Automated Software Modernization

Model Driven Modernization

The automated software modernization market is highly fragmented with tools and services from many vendors which vary widely in quality, accuracy and price. Even for a single language pair automated software transformation is challenging and skill-intensive. It is hardly surprising that with over 500 legacy and modern languages and computing environments, automated modernization solutions are not available for many languages. The primary reason "canned" tools don't work is because the source and target languages and environments and customer requirements are highly variable and it is diffcult to create a tool that handles all possible variations in inputs, called the input space. Historically, automated language transformation tools got a bad rap because of inaccurate, inprecise and low quality translations, especially from the "free" tools which did not cover much of the input space. High-quality affordable automated modernization solutions do exist for an increasing number of languages, but they are usually offered as services.

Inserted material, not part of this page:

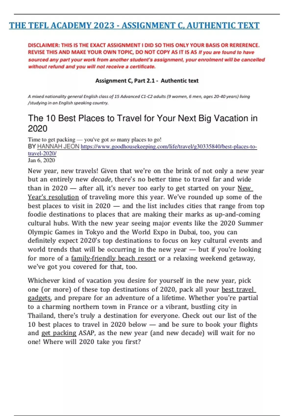 THE TEFL ACADEMY 2023 - ASSIGNMENT C, AUTHENTIC TEXT.

A few solution service providers have developed highly powerful technology frameworks which they can rapidly adapted to new input and output spaces with near perfect accuracy and automation levels exceeding 99.99%. This cost to modify a proven tool to handle an additional language is covered by a "Set Up" charge, which can be a separate fee or absorbed in other charges on larger projects. Set up is recovered by the Return on Investment (ROI) when the tool is applied and saves hundreds of throusands of man hours and produces high quality code without the errors usually introduced by humans.

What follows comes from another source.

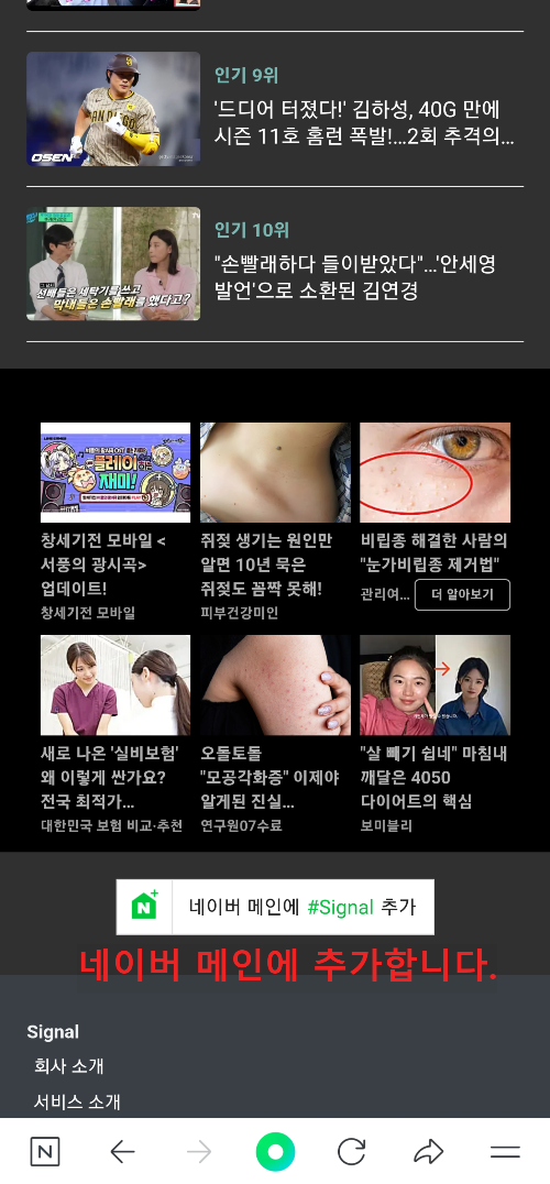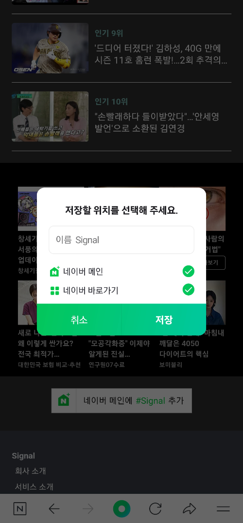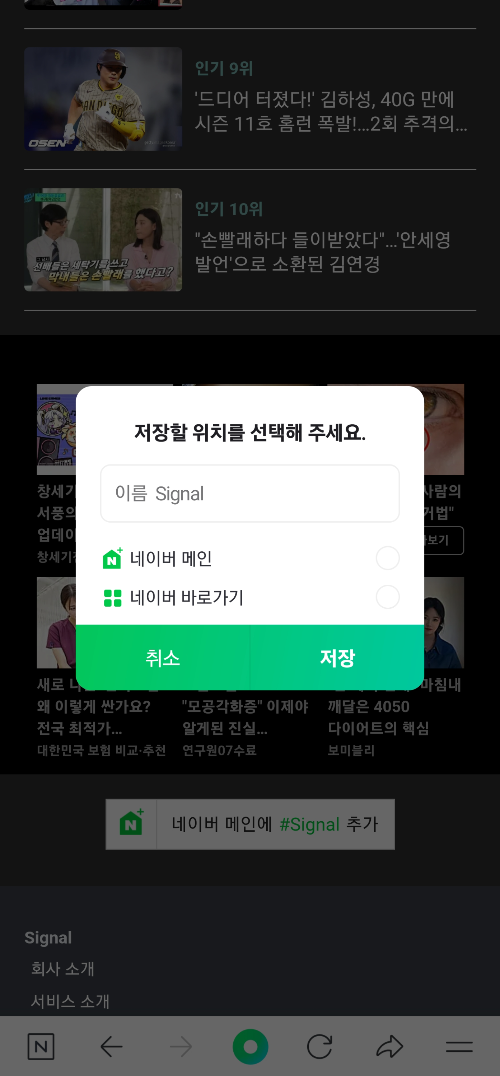 2) 사이트에서 하단으로 스크롤해 보면 네이버 메인에 시그널 추가하기를 눌러서 네이버 메인, 바로가기를 선택한 후 저장합니다.

The figure to the right depicts the model-driven modernization (MDM) approach for automated software modernization. In contrast to early translators that employed regular expressions and string manipulation to carry out language translation, the MDM approach depicted in the figure is purely model-based, which means that the manipulation of the code is carried out by rules applied to a data structure which represent the code as a model, called the Abstract Syntax Tree (AST).

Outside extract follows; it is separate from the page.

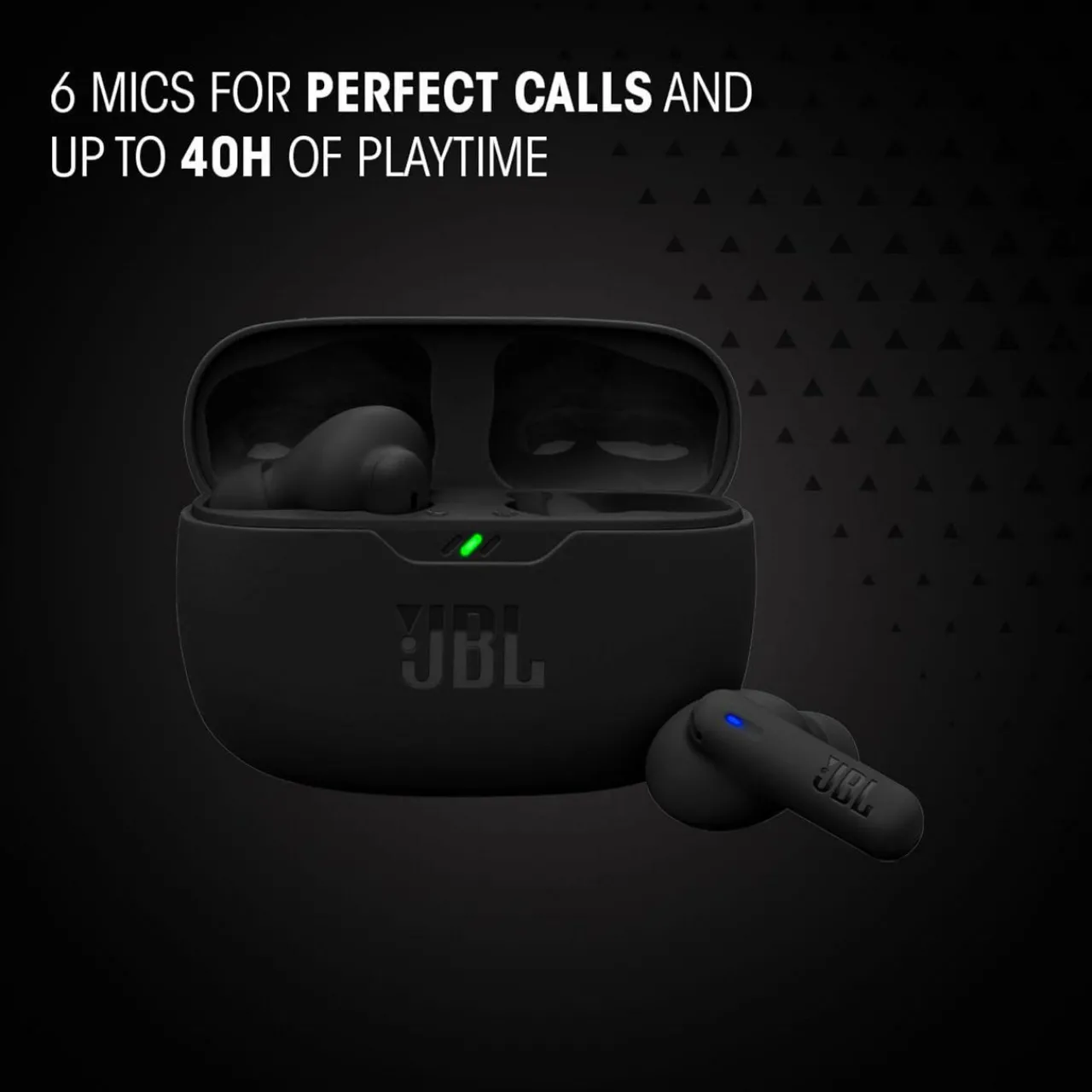 Quality sound just got easier—and more fun. JBL Wave Beam 2 earbuds feature exciting JBL Pure Bass Sound, plus Active Noise Cancelling and Smart Ambient technology so you decide how much of the outside world you want to hear. Manage hands-free crisp, clear calls with just a tap on the earbuds. Use the JBL Headphones app to customise your sound and Voice Prompts language. Connect seamlessly with up to 8 Bluetooth® devices and switch effortlessly from one to another. And with up to 40 hours* of playback time, they’re a great everyday sound companion. (*with ANC off)

Transforming between 3rd generation languages and 4th generation languages (3GL and 4GL) is accomplished in a multi-step process. First a grammar system in the form of Extended BNF rules are defined for the source 3rd GL and the target 4th GL then a printer and parser are generated for each language. The language specific AST models are called Specific Abstract Syntax Tree Models (SASTM). For efficiency the 3GL SAST is transformed into a Generic Abstract Syntax Tree Model (GASTM) before it is transformed into the 4GL SAST. Through the use of a common intermediate language, many transformation rules are reusable.

 

3rd Generation Languages

Transformed Into

4th Generation Languages

Transformation between language generation, such as the 3GL to 4GL transformation, depicted above, require mapping the feature set allowed in one language into the feature set permitted in another.For efficiency the mapping between feature sets is accomplished by language-neutral transformation between 3GL GASTM and the 4GL GASTM constructs. A subsequent transformation mapping from the 4GL GASTM to a 4GL SASTM completes the model to model mappings between the source language and the target language.

In addition to language transformation, the framework also supports mapping the 3GL and 4GL ASTM to UML models which depict the source and target system's design and architecture. Target UML models and target 4GL code is exported into Interactive Development Environment (IDEs) and MDA development tools such as Microsoft's Visual Sutdio and IBM's Rational Rose.